И он — не я, а Адам — видит картины… нет, картинки из дыма и воды. В этих картинках зелёные поля, цветы и жена Адама. У нас из дыма и воды только воздух, плотный, железный о железо, то есть, лязгающий. Там нет светлого зелёного, только болотный. Болото — это что-то (чёрное) из песка и воды. Песок — это что-то с ошибкой, что-то перламутровое, что-то из синего, что-то из соли, то есть, около соли. Что-то из моря, солёного, как слёзы.
У нас нет моря и светлого зелёного, только болотное. Они не поймут нас, но мы умеем подражать. Мы поймём их. Я пойму.
***
Мясо не солёное, пока его не посыпешь белым песком. Нашёл в Адаме, в его памяти. И соль тоже нашёл. Не стал сыпать на глаза, на рану, на огонь. Ожог — как огонь. Только без языков. Только на краю глаза, едва его можно уловить.
— Ты ведёшь себя странно, — говорит жена Адама. Сказала… Говорит… Выбор без выбора, когда память — это набор картинок из прошлого. У нас всегда «говорят», потому что нет завтра и вчера, есть только сейчас. А у них есть море. И оно ласкает уши. Слух. Слух.
— Всё хорошо, — подражаю жене Адама в растягивании уголков, углов… Не домашних, лицевых. Не из коробки, а из мимики. Мимика — что-то с лица. Лицевой. Не мимичный. Выражение лица.

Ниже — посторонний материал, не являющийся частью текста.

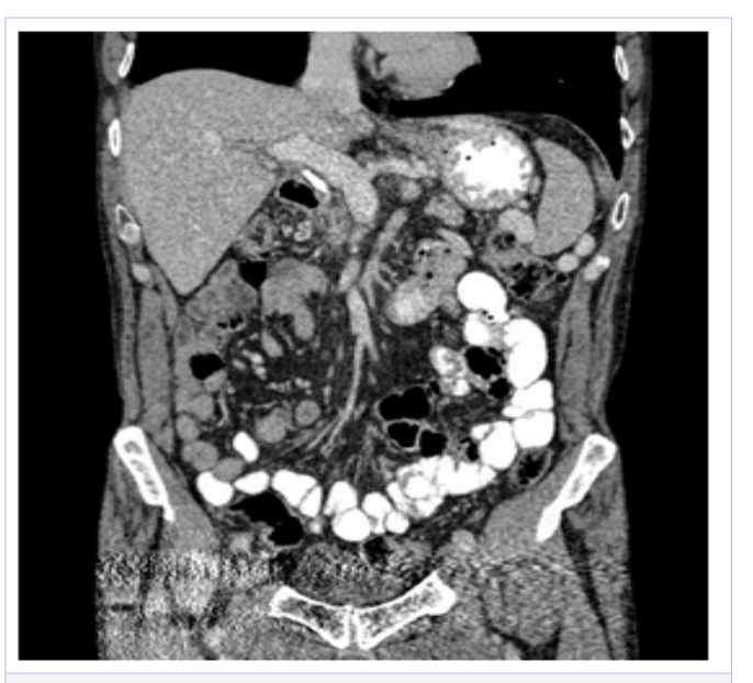
Figure 5: CT scan after removing of drainage and disappearance of collection

As far as the radiological invasive approach, so in all three remaining cases was achieved definite successfull healing after evacuation and drainage of collections under the CT control. The drain was removed after complete decline of production to the drain in the range of 1-3 weeks from the the time of drain insertion. Subsequent clinical and ultrasound controls noticed the full normalisation of the situation. The success of the drainage under the CT control are shown in the following three pictures. The first picture is the CT identification of biloma after open cholecystectomy, the second picture shows drainage of the collection and the third picture shows the image after disappearance of biloma and removal of inserted drain (Figure 3,4,5).

Её зубы как кони на красных холмах, которые сходятся и расходятся. Если их открыть… обнажить, то получится поднять уголки губ и сделать улыбку. Ритуал приветствия, прощания и иногда шумных вечеров в компании с алкоголем. Алкоголь — это что-то зелёное и прозрачное, и красное, и белое… Это что-то как монстры у нас, только неподвижное и хитрое. Ускользает.
— Сегодня придут… — говорит жена Адама.
Это кто-то на букву «дом». С крышечкой. С палочками. С жёлтым цветом и объятиями. Так вот, что надо делать: обнажать зубы и расставлять руки. При виде друзей так и надо.
Они проходят в дом, садятся и пьют хитрых разноцветных монстров из бутылок. И Адам пьёт. Оказывается, монстры не всегда бывают опасны. Оказывается, если они не нападают и с ними не перебарщивать, то они помогают увидеть жизнь как картинки из дыма и воды, картинки из сна. Адам видит сны. У него есть друзья и что-то на звук скольжения языка по нёбу и резкой остановки у зубов. Оно заканчивается на приподнятую спинку языка и сладкое, как нуга. Нуга — это что-то безопасное, хотя напоминает болото.